FOR IMMEDIATE RELEASE - December 29, 2004

PRESS CONTACTS:

Chris Komai - ckomai@janm.org - 213-830-5648

JANM

Smithsonian’s “Japan After Perry” Woodblock Prints Exhibition Provides Japan’s 1st Impressions Of West

Set to Open Feb. 6 at Japanese American National Museum


A collection of Japanese woodblock prints created in the aftermath of Commodore Matthew C. Perry’s historic visits to Japan in the 1850s provides a remarkable look at the Japanese’s first impressions of Westerners in the traveling exhibition Japan After Perry: Views of Yokohama and Meiji Japan, organized by the Arthur M. Sackler Gallery, Smithsonian Institution, and set to open at the Japanese American National Museum on Feb. 6 and running through May 1.

“We are immensely pleased to be able to present Japan After Perry,” stated Irene Hirano, President and CEO of the Japanese American National Museum. “The National Museum is gratified to continue its strong relationship with the Sackler Gallery and the Smithsonian Institution. In February of 2004, we were privileged to have Sackler’s landmark traveling exhibition, Isamu Noguchi and Modern Japanese Ceramics, installed here. Japan After Perry provides an important look at the earliest impressions of the West by the Japanese and insight into the cultural differences both sides would encounter for years to come.”

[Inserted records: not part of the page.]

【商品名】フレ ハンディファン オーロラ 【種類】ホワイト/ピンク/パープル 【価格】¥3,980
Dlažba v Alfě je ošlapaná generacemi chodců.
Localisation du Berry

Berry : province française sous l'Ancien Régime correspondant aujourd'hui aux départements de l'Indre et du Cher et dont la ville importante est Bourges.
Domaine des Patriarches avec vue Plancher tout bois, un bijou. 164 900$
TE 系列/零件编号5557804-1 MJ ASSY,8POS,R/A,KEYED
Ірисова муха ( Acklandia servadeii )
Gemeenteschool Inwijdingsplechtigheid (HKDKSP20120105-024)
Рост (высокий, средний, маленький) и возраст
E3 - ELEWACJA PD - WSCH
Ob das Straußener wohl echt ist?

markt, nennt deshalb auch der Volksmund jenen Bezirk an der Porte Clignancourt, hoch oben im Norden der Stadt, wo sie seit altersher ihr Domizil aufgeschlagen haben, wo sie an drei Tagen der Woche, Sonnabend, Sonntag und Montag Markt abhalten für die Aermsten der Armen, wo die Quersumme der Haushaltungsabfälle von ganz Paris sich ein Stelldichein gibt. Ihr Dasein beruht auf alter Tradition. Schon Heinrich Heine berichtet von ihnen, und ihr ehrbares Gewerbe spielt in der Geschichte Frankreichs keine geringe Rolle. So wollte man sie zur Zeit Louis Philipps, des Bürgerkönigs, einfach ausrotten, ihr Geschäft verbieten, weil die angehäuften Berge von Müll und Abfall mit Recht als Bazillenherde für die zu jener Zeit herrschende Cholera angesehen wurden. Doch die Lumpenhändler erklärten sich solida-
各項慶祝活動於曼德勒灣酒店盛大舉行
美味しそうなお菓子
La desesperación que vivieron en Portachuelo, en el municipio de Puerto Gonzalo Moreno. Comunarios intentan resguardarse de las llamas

Originally organized in 1990 under the title Yokohama: Prints from the Nineteenth Century, the current exhibition, featuring 24 prints, was displayed as part the 150th anniversary celebration of U.S.-Japan relations, dating back to Perry’s first trip to Japan in 1853. The woodblock prints, all gifts of Ambassador and Mrs. William Leonhart, trace the development of Yokohama as the port through which the “Five Nations” (the United States, Britain, France, Russia and the Netherlands all signed treaties with Japan by 1858) were allowed to conduct trade. But the prints also represent Japan’s first impression of the people of the Western world, who had been, with some exceptions, barred for almost two and a half centuries from visiting Japan.

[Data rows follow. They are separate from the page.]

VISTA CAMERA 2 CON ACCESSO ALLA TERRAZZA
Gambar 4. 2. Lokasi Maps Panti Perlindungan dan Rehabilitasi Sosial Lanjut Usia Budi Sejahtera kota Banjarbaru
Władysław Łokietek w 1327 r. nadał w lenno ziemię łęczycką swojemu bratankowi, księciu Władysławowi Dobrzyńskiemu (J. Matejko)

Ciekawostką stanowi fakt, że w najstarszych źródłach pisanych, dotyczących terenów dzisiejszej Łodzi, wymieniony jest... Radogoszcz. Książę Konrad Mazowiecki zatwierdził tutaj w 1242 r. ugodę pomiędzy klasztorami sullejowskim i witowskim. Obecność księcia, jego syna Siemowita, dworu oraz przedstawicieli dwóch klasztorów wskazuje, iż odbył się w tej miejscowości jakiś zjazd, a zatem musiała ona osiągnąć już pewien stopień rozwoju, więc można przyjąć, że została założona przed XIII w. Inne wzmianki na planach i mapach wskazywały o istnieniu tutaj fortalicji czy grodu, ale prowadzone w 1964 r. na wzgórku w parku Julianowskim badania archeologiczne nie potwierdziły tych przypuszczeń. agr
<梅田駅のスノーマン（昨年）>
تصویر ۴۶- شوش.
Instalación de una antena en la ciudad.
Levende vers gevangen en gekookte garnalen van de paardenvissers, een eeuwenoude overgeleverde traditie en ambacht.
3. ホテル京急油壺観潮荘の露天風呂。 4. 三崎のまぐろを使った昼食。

“The early Yokohama prints had the important function in informing a broad segment of the Japanese public about the coming of the people of Five Nations to Japan,” wrote Japan after Perry Sackler curator Ann Yonemura. “As a popular art form they expressed a widespread interest within Japan in an event of great immediate and lasting importance for the nation.”

Woodblock prints were a popular source of information in Japan in the 19th century. Perry and his four steam-powered “black ships” arrived at Edo Bay (now Tokyo Bay) on July 8, 1853 and the next day, small Japanese boats filled with artists making sketches approached the foreigners. Within a week, the Japanese had made woodblock prints of the strangers and their large ships and were selling these images in Edo (now Tokyo). Since the early 18th century, woodblock prints functioned as a “mass” media vehicle for many Japanese. Earlier prints focused on landmarks such as Mount Fuji or celebrities such as famous kabuki actors. The process required the collaboration of an artist who designed the print, the carver who engraved the woodblocks, the printer who controlled the color and registration and the publisher, who financed the entire operation.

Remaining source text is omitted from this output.